Natural corneal cell-based microenvironment as prerequisite for balanced 3D corneal epithelial morphogenesis: a promising animal experiment-abandoning tool in ophthalmology.

To achieve durable recognition as a promising animal experiment-abandoning tool in ophthalmology, in vitro engineered tissue equivalents of the human cornea should exhibit proper morphogenesis. Regarding this issue, we were seeking for the natural cell microenvironment fulfilling the minimum requirements to allow human corneal keratinocytes to develop a balanced epithelial morphology with regular spatial appearance of tissue homeostatic biomarkers. Hence, we established cocultures of 3D cell-based collagen scaffolds comprising immortalized corneal keratinocytes combined with a gradual cornea-derived in vivo-like cell microenvironment, together with immortalized stromal fibroblasts alone (nonholistic) or fibroblasts and immortalized endothelial cells (holistic). With matched non-holistic microenvironments revealing mostly flattened cells and putative apical cell ablation foci at day 6, and 9 in HE stains, holistic counterparts yielded proper epithelial stratification with cell flattening restricted to apical layers.
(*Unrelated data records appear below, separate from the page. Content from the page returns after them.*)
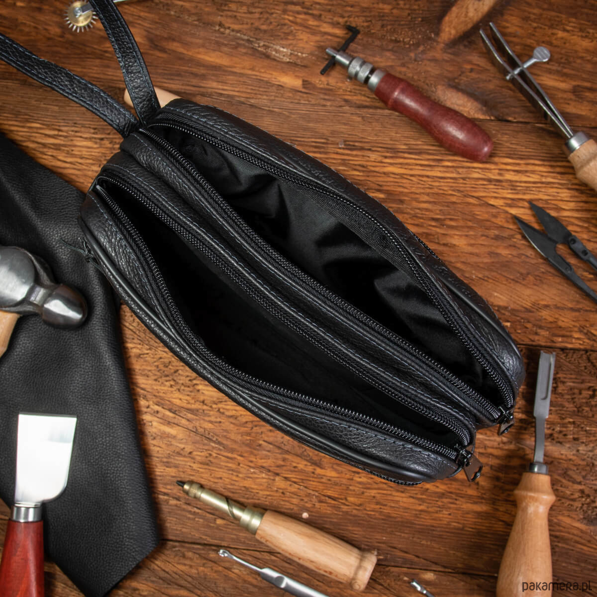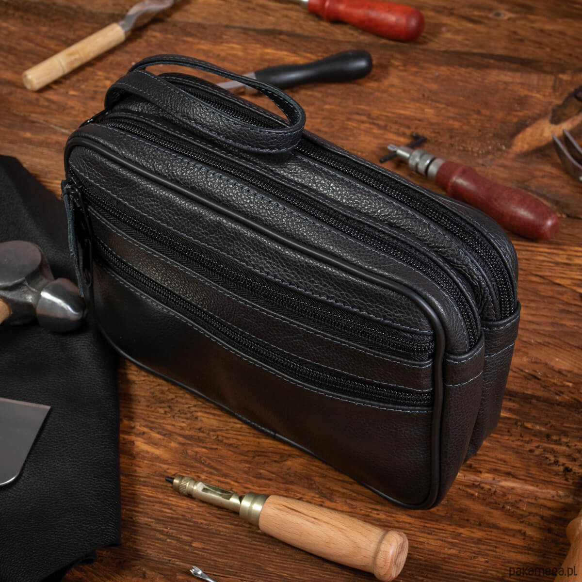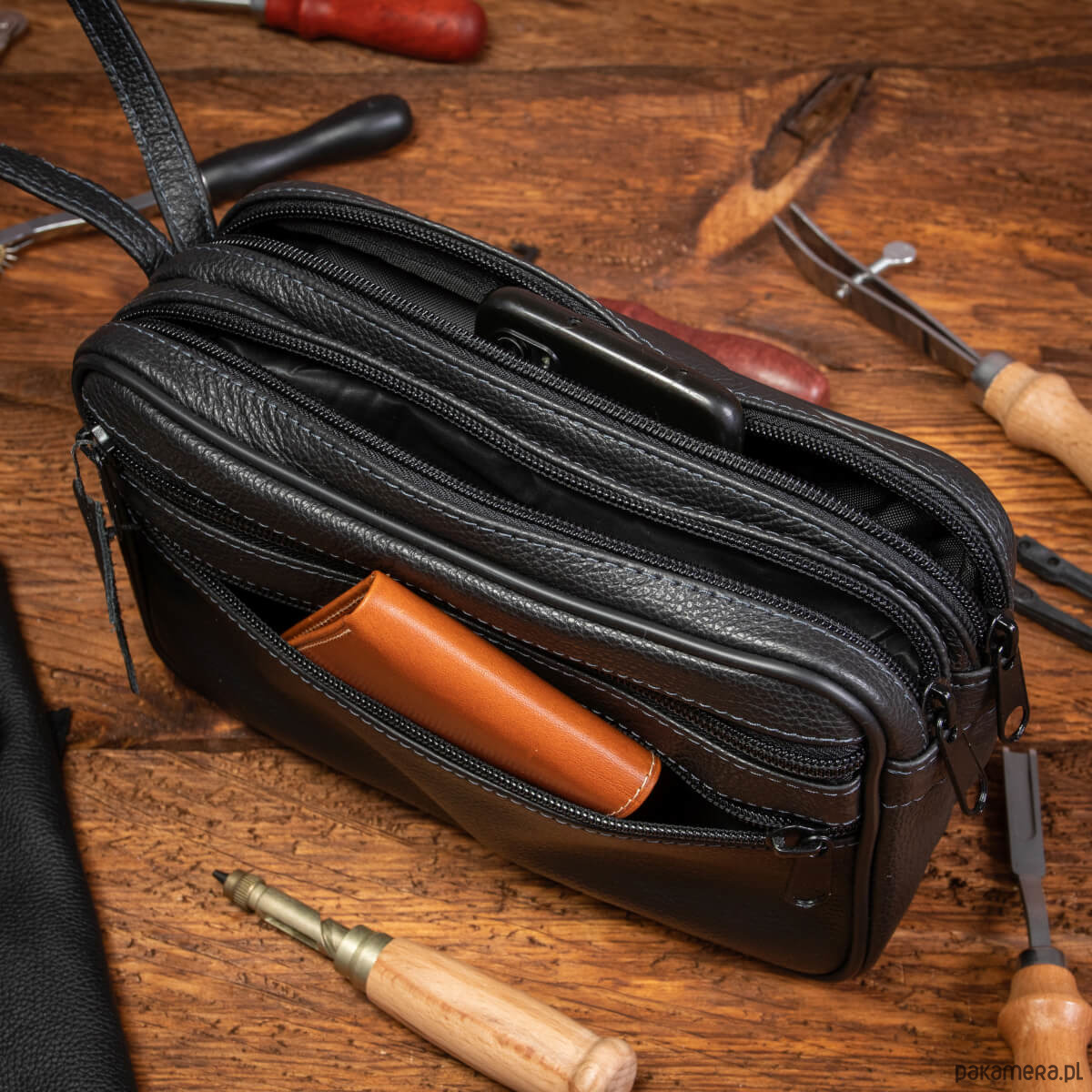 - saszetka z paskiem do ręki (pasek jest na stałe wszyty w korpus saszetki)
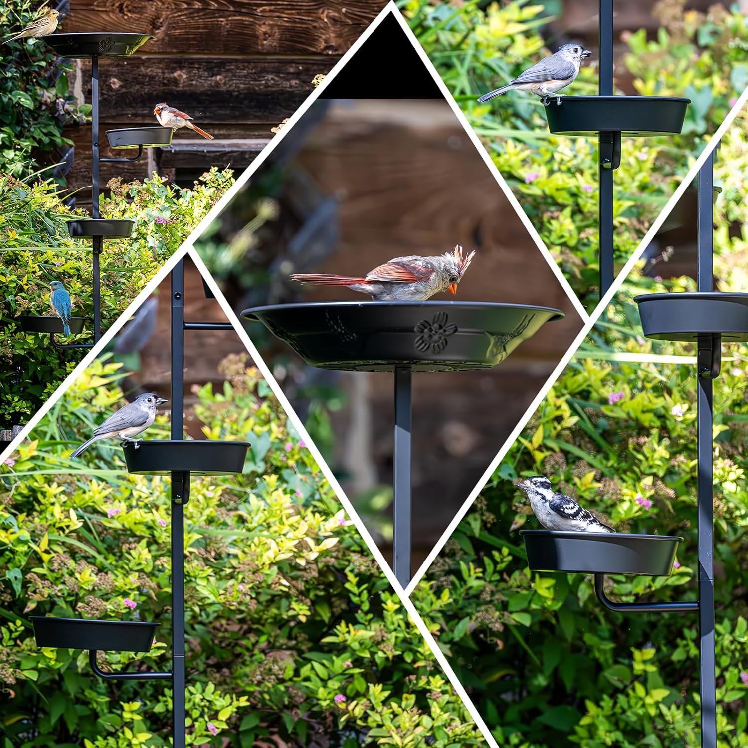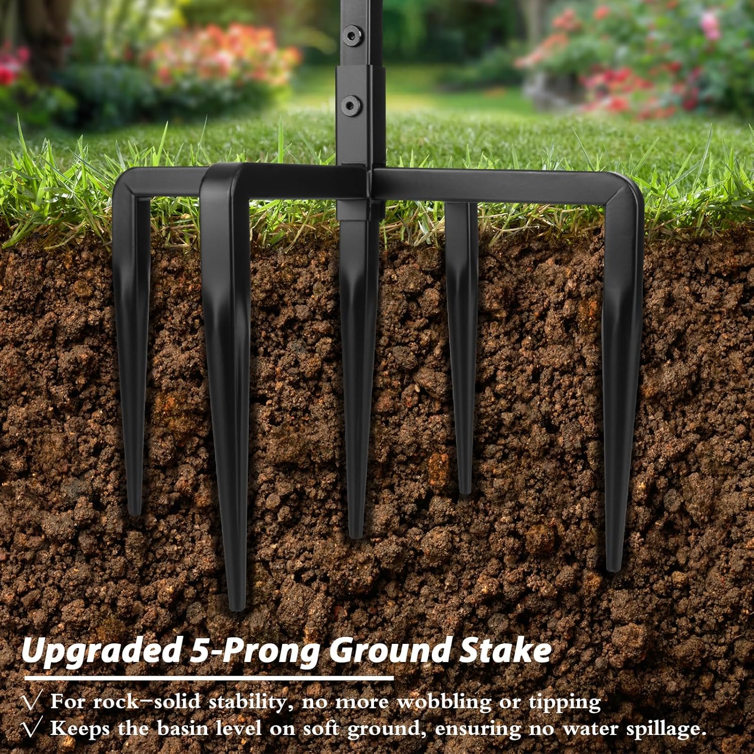 - Sturdy 5-Pronged Base: The bird bath for outside features an all-metal construction with a 5-prong base to prevent tipping and ensure stability in the soil. The black coated surface is rust-resistant and can withstand all weather conditions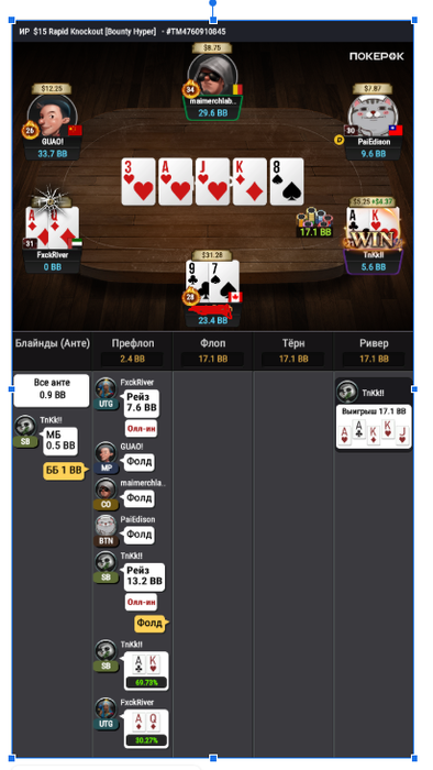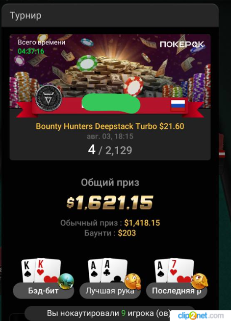 Мы еще не в деньгах, за оппонента увеличенный нок 8.75 долларов, то есть он одного оппонента тоже уже выбил из турнира.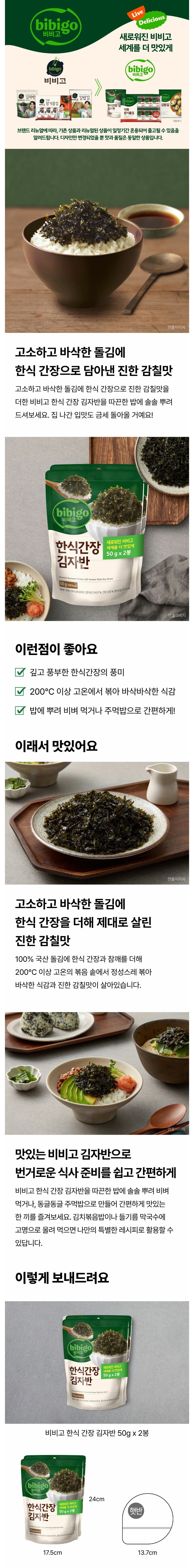 | 제품명 | 비비고 한식 간장 김자반 | 식품의 유형 | 컨텐츠 참조 |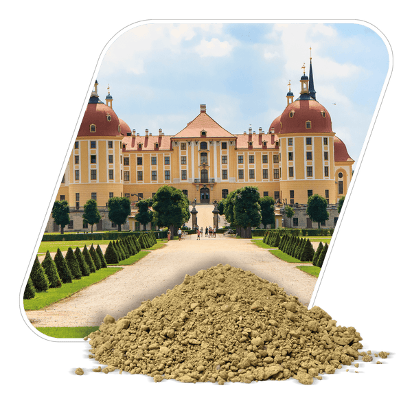 Die Sächsische Wegedecke Deckschicht in Gelb, speziell für wassergebundene Wege konzipiert. Dieses Produkt ist Teil eines Systems, das sowohl eine dynamische Schicht als auch eine Deckschicht umfasst, und soll eine hohe Haltbarkeit sowie eine Selbstregeneration bei Oberflächenschäden bieten. Es wird in öffentlichen Parks und Gärten in ganz Mitteldeutschland eingesetzt.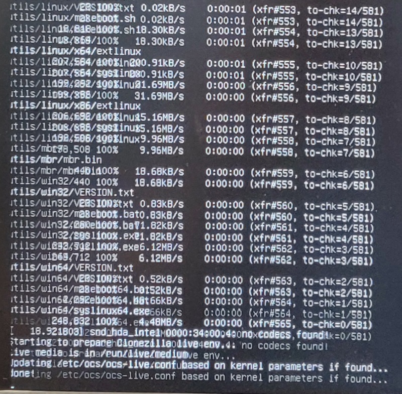 * Some unimportant text will fly by as Clonezilla boots up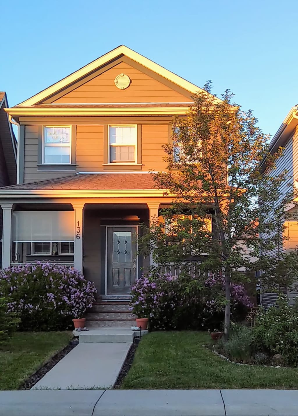An inviting covered porch with wicker chairs and pots of flowers for us to sit and take in all the warmth and smells of summer nights, surrounded by the heavenly scent of lilacs in the spring.

Concordantly, RT(2)-PCR showed a tremendous increase in gene expression for progressive and terminal biomarkers of corneal keratinocyte differentiation, cytokeratin (CK) 12, and filaggrin (FIL), in response to nonholistic environments, while involucrin (INV) was moderately but significantly upregulated. Although visible, this increase was moderate in corneal keratinocytes with a holistic environment. On the protein level, indirect immunofluorescence revealed that only epithelia of holistic environments showed diminishment in CK19, counteracted by CK12 rising over time. This time-dependent progression in differentiation coincided with declined proliferation and tissue-regular focus of differentiation biomarkers inv and fil to suprabasal and apical cell layers. Our novel findings suggest the interplay of native tissue forming cell entities, important for balanced corneal epithelial morphogenesis. In addition, they provide evidence for a holistic cell microenvironment as a prerequisite for development of an in vitro engineered corneal epithelial tissue equivalent, exhibiting a regular appearance of tissue homeostatic biomarkers. Such equivalents will be promising tools in ophthalmology, for example, for mechanistic studies in basic research and/or testing of generics or preclinical validation of innovative cornea-tailored biomaterials, desired for regenerative strategies.